Goal of the exercise
Pictures are to be left out, and the rest of the records reproduced exactly.
[Opening Extracted material section]
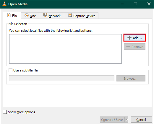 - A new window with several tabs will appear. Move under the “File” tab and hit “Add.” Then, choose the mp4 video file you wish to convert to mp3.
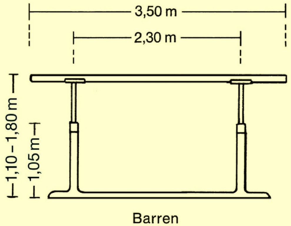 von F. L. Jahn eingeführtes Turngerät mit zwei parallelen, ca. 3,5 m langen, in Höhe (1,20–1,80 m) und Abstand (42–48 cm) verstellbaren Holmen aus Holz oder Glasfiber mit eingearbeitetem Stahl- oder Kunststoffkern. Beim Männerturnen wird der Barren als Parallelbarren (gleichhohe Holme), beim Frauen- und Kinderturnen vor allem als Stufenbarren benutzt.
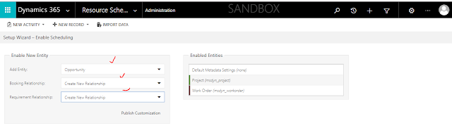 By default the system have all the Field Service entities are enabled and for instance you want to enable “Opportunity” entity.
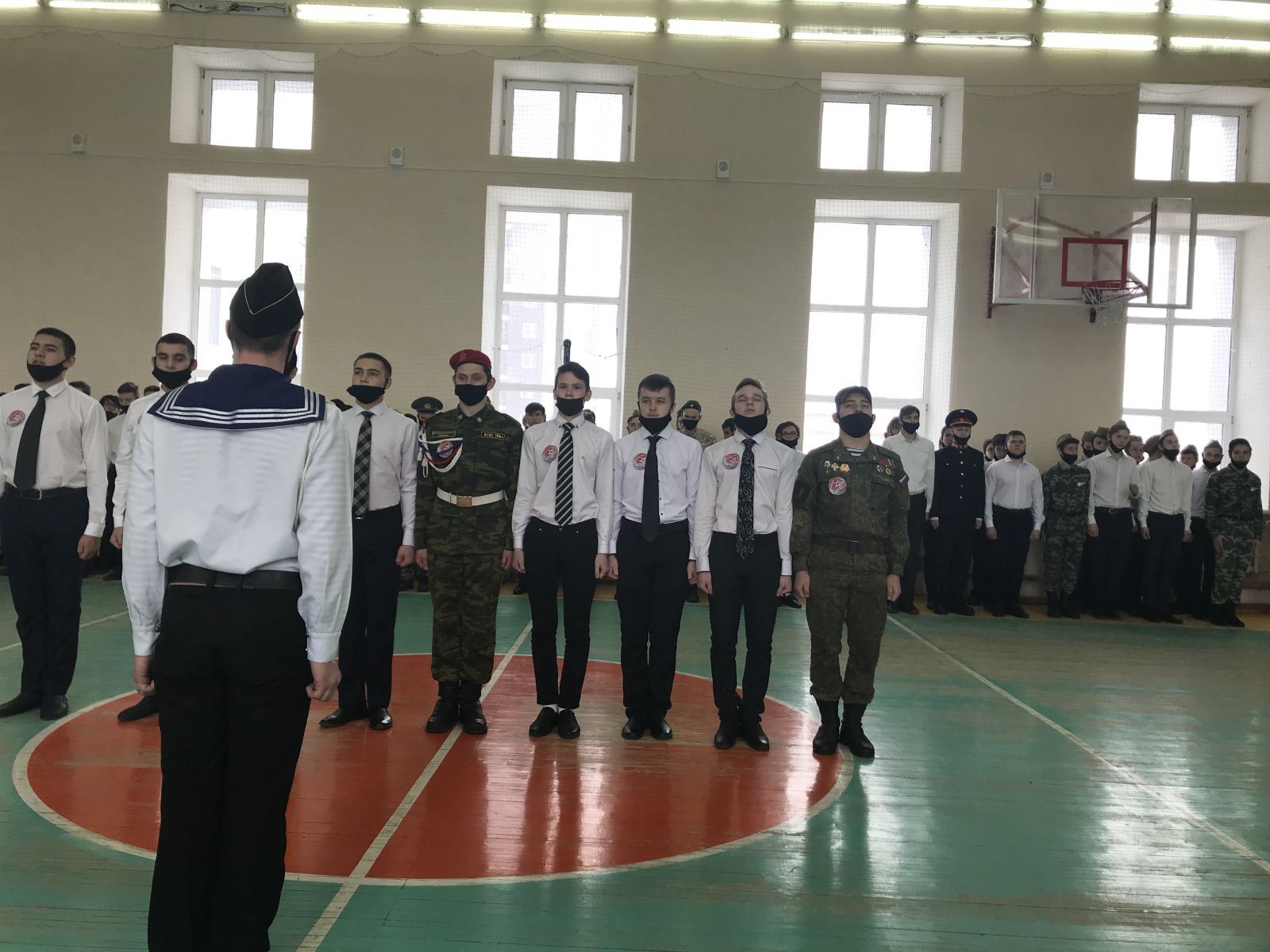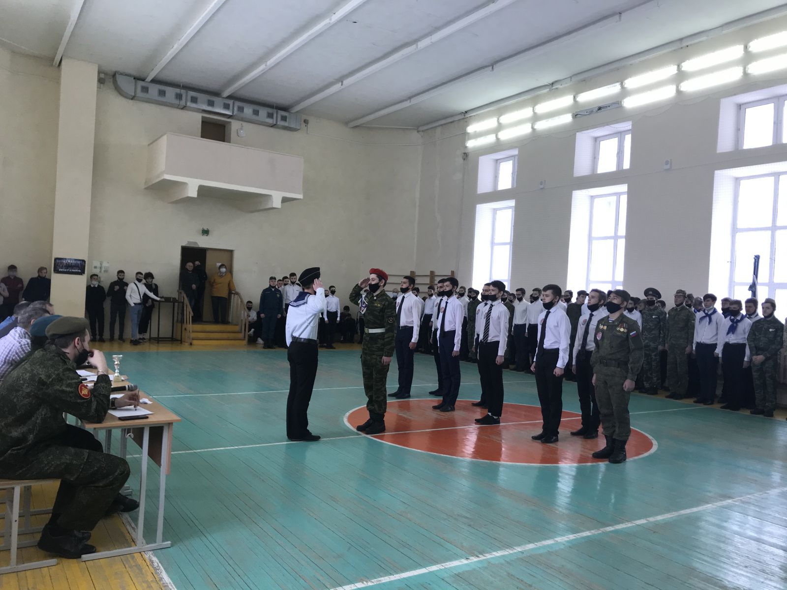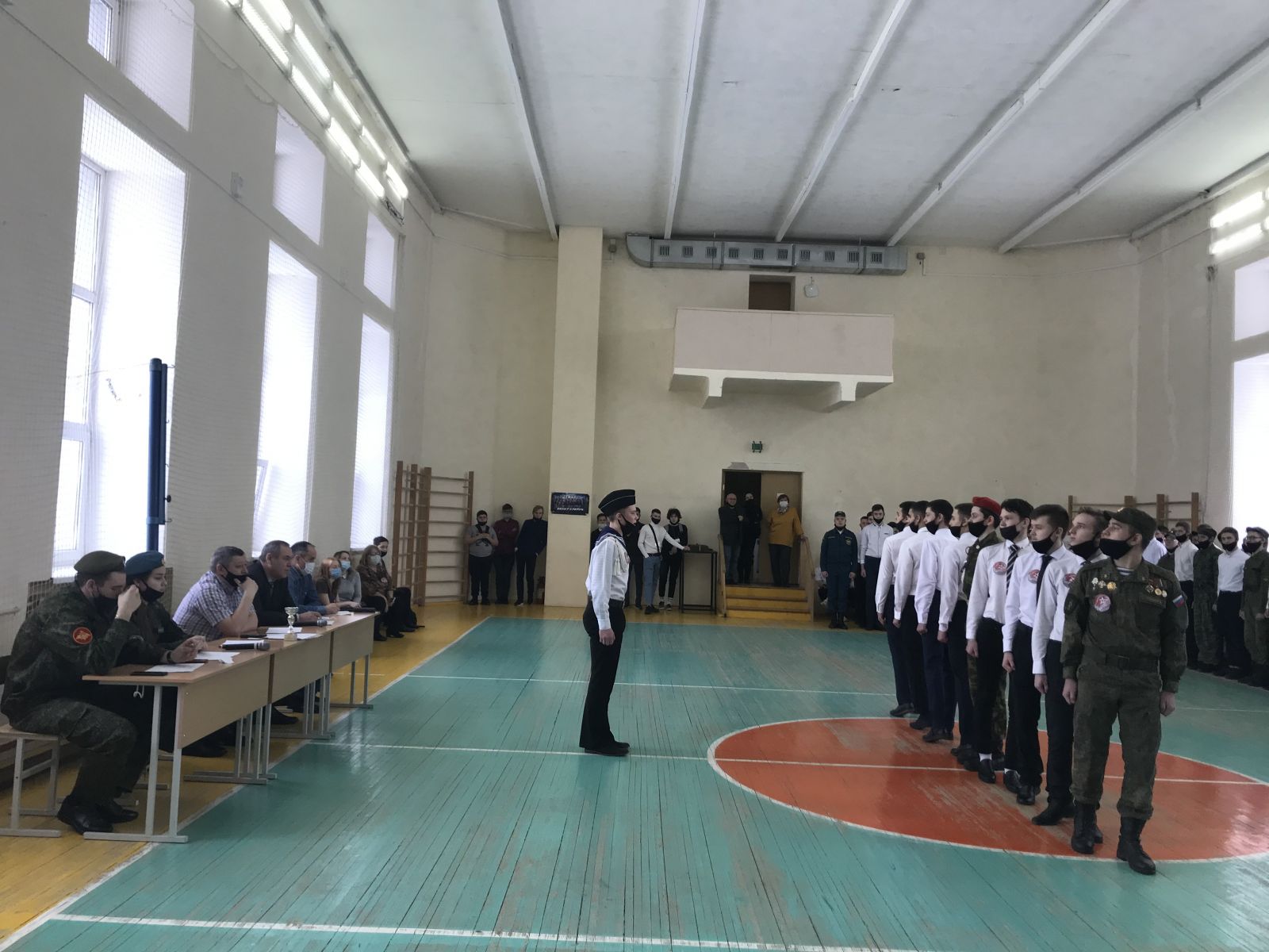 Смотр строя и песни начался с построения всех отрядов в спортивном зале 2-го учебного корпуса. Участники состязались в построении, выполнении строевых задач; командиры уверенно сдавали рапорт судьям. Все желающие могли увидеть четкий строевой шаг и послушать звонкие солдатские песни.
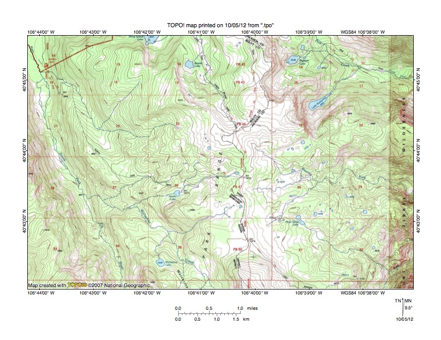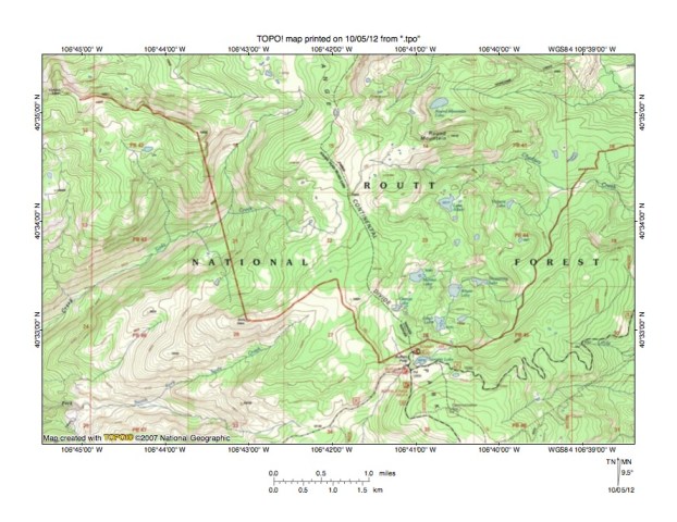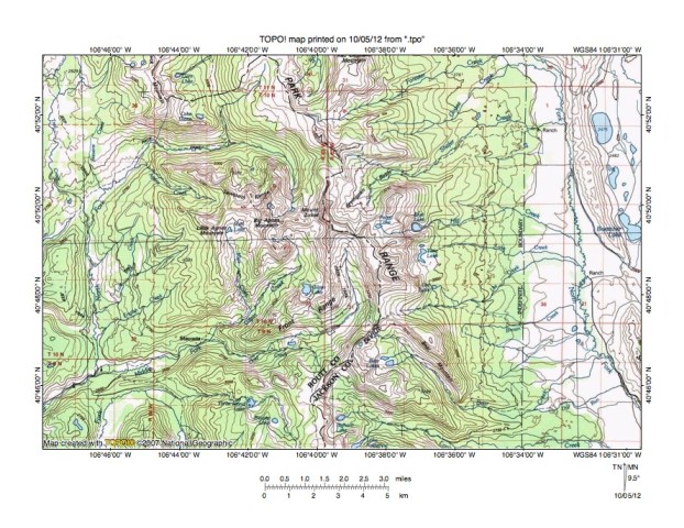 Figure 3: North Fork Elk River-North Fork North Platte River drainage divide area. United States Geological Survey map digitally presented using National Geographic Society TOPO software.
[Closing Extracted material section]
Exercise result
 - A new window with several tabs will appear. Move under the “File” tab and hit “Add.” Then, choose the mp4 video file you wish to convert to mp3.
 von F. L. Jahn eingeführtes Turngerät mit zwei parallelen, ca. 3,5 m langen, in Höhe (1,20–1,80 m) und Abstand (42–48 cm) verstellbaren Holmen aus Holz oder Glasfiber mit eingearbeitetem Stahl- oder Kunststoffkern. Beim Männerturnen wird der Barren als Parallelbarren (gleichhohe Holme), beim Frauen- und Kinderturnen vor allem als Stufenbarren benutzt.
 By default the system have all the Field Service entities are enabled and for instance you want to enable “Opportunity” entity.
 Смотр строя и песни начался с построения всех отрядов в спортивном зале 2-го учебного корпуса. Участники состязались в построении, выполнении строевых задач; командиры уверенно сдавали рапорт судьям. Все желающие могли увидеть четкий строевой шаг и послушать звонкие солдатские песни.
 Figure 3: North Fork Elk River-North Fork North Platte River drainage divide area. United States Geological Survey map digitally presented using National Geographic Society TOPO software.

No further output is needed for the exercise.